IN ITS nearly 500-year history, Unter den Linden, Berlin’s main boulevard, has seen many political protests. But the one held recently in front of Google’s offices in the German capital must be among the most peculiar.
Activists demonstrated against iWright, a new software that can supposedly write novels and is supposedly backed by Google. “It’s a declaration of war against all authors”, an organiser said.
If all this sounds like a PR stunt, it probably was–though it is not clear what for. Still, it nicely captures the mood in Germany.
Although Germans seem to love Google’s services (it has a 91% market share in online search), the firm itself is seen as a digital glutton that intends to ingest everything: personal data, intellectual property, industry, even democracy. Sigmar Gabriel, Germany’s economy minister and vice-chancellor, has gone so far as to suggest that the company be broken up.

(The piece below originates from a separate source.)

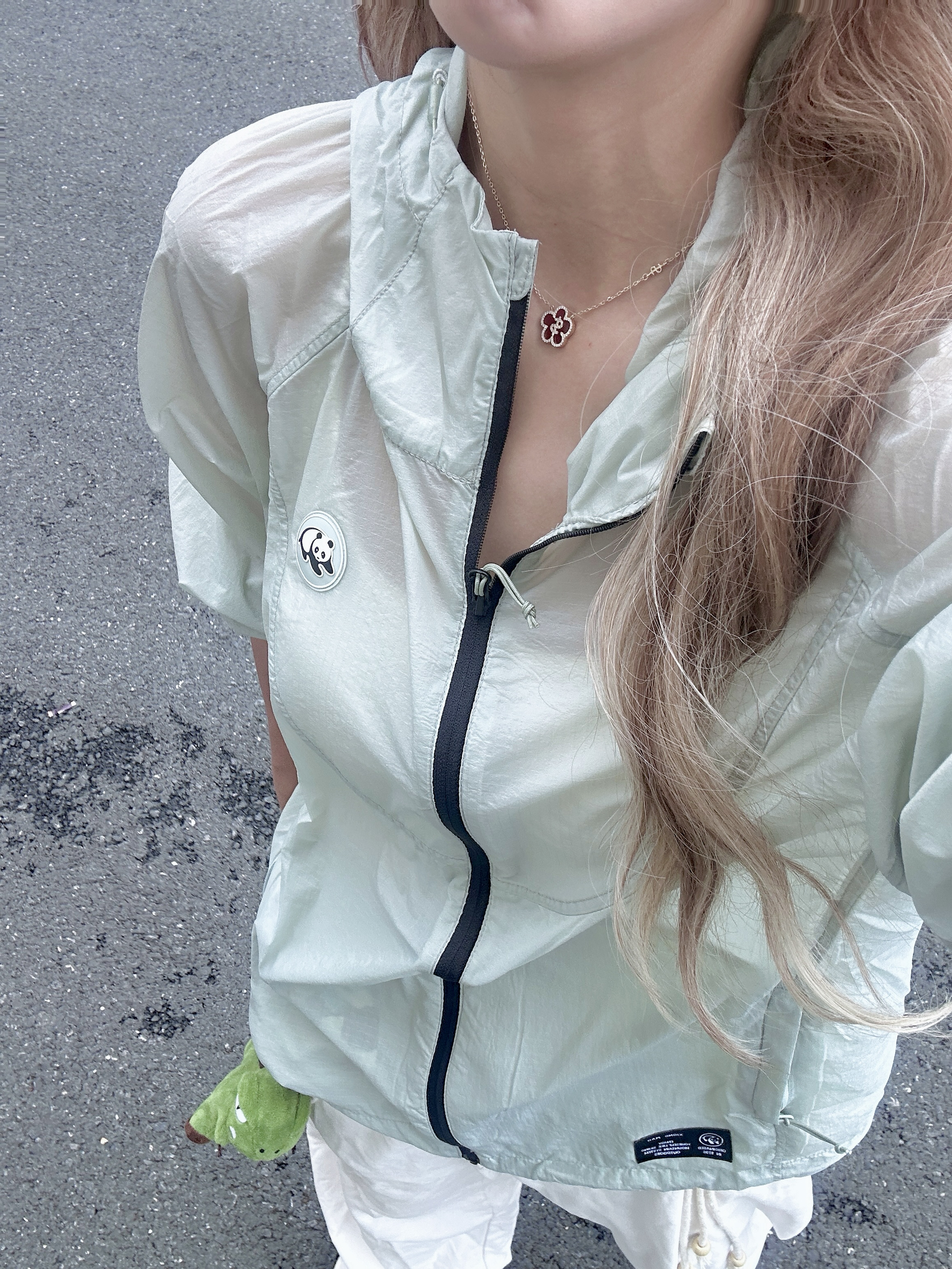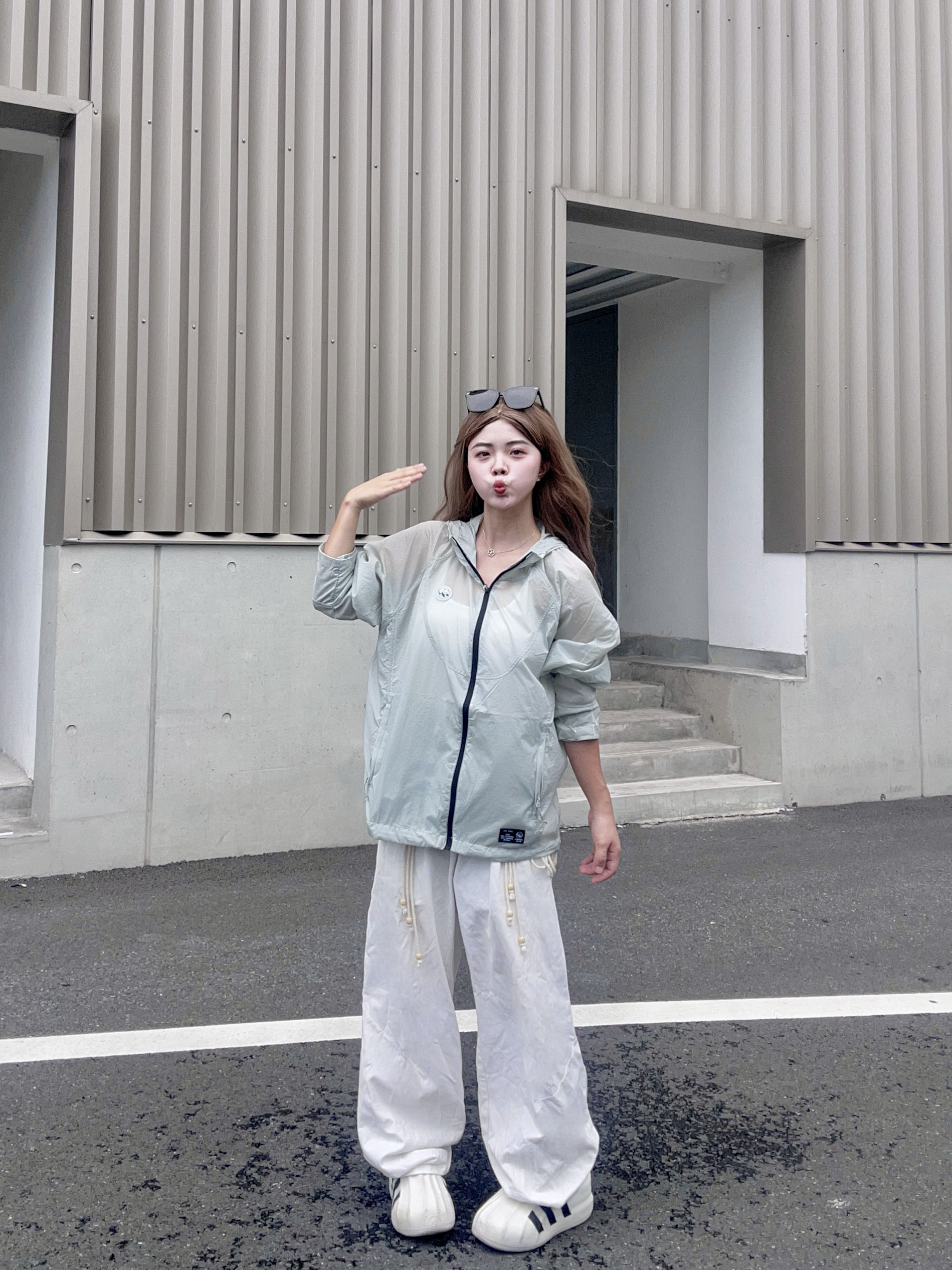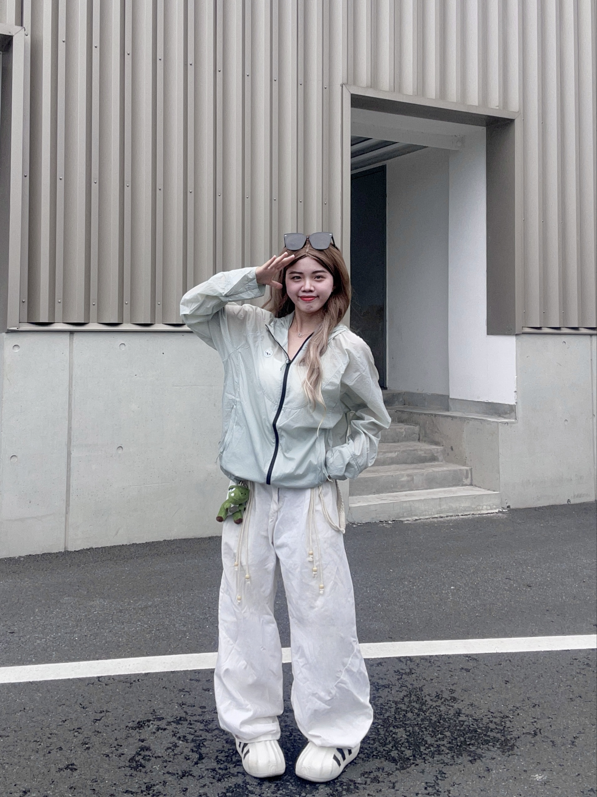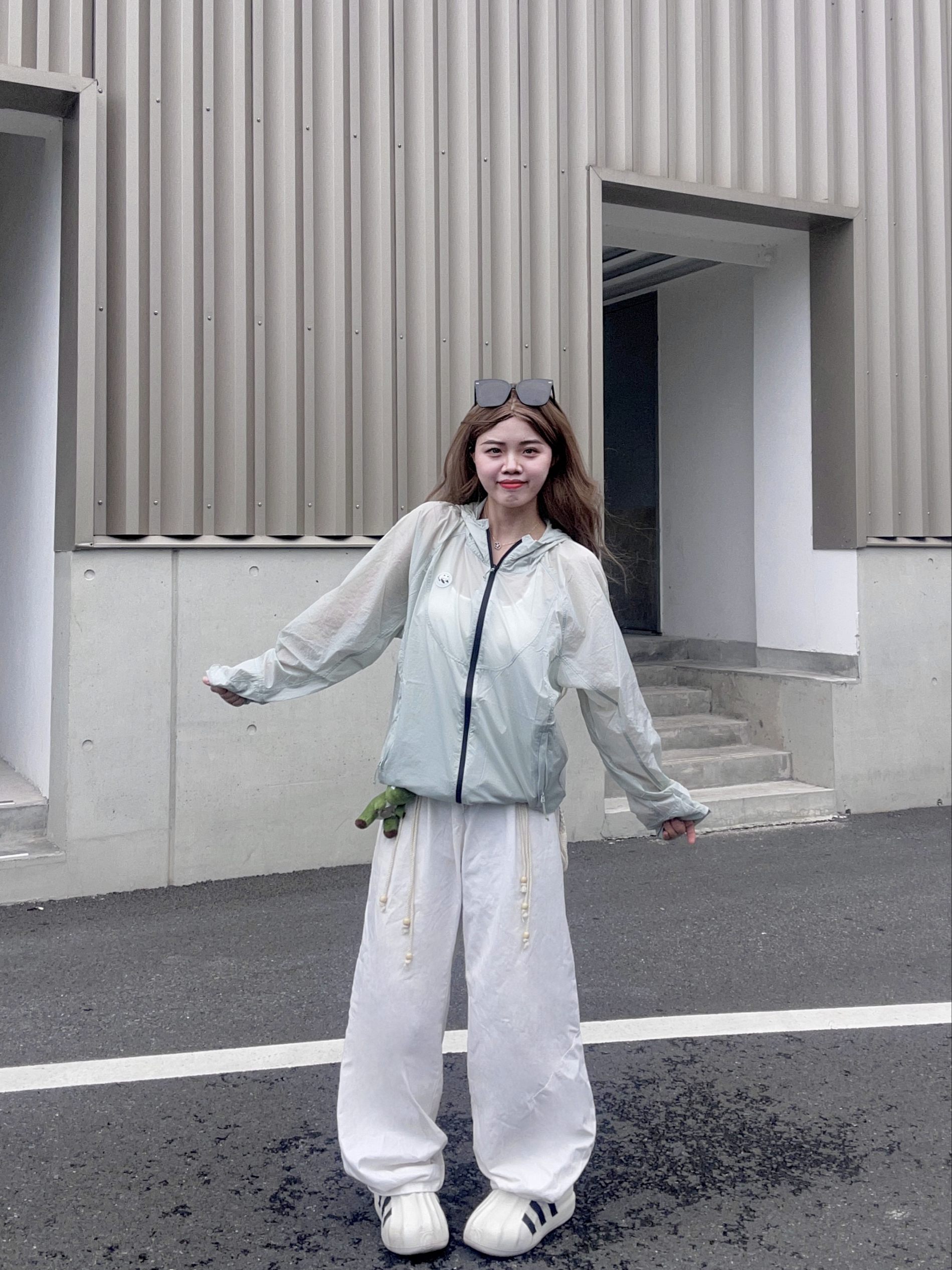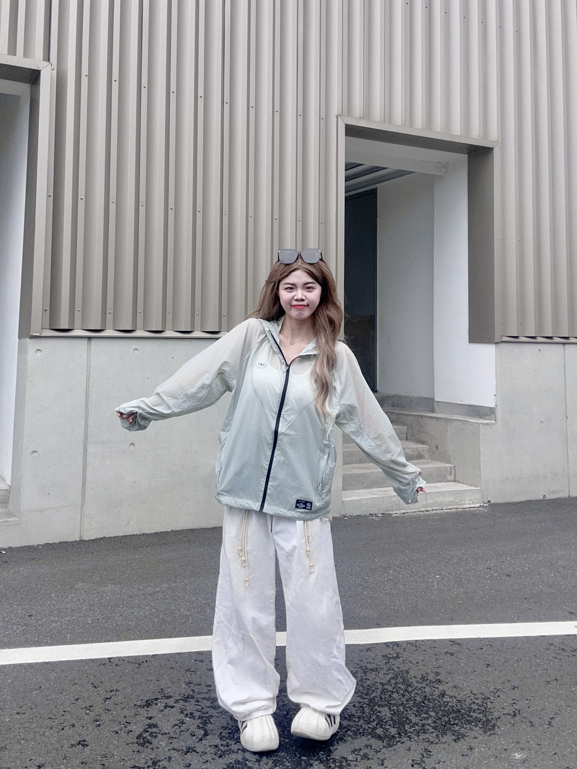 OOTD: 🎽:白色吊带背心 👚:轻薄连帽防晒衣 👖:白色宽松T恤 👟:休闲鞋 - 今天是夏季清爽感穿搭! 👚衣服今天穿的是一件夏季必备的防晒衣🌬️夏天真的很需要这种薄薄的衣服,今天穿的这件就是超薄冰感🧊的防晒衣,不夸张,下水晾晒不到半个小时就能干透!很薄很透气!而且薄荷绿这个颜色也有视觉降温的效果耶 👖休闲裤运动裤都可以搭配,我搭配的是一条白色的休闲牛仔裤,白绿很搭哦

In recent weeks things have calmed somewhat: next month Mr Gabriel is due to appear on a discussion panel with Eric Schmidt, Google’s executive chairman (who is also on the board of The Economist’s parent company). But Germany’s Googlephobia is a big reason why Joaquín Almunia, Europe’s competition commissioner, is likely to announce shortly that he plans to renegotiate a deal with Google to settle antitrust charges.
One reason for the aversion is, predictably, Edward Snowden’s revelations. Since any German attempts to curb American spooks’ snooping are doomed, Google and other big American tech firms have become ersatz targets. This is in tune with a mounting digital revulsion in Germany.
It has just become the first country to ban Uber Pop, a ride-sharing service based on a smartphone app, on its entire territory. Dave Eggers’s “The Circle”, a dystopian novel about a Google-like firm which came out in German in mid-August, has rocketed to the top of bestseller lists.
Politics is another reason. Mr Gabriel, who is also chairman of the Social Democrats, views the consequences of digitisation and the power of online giants as important issues for his party–not just in terms of privacy and abuse of market power, but of workers’ rights.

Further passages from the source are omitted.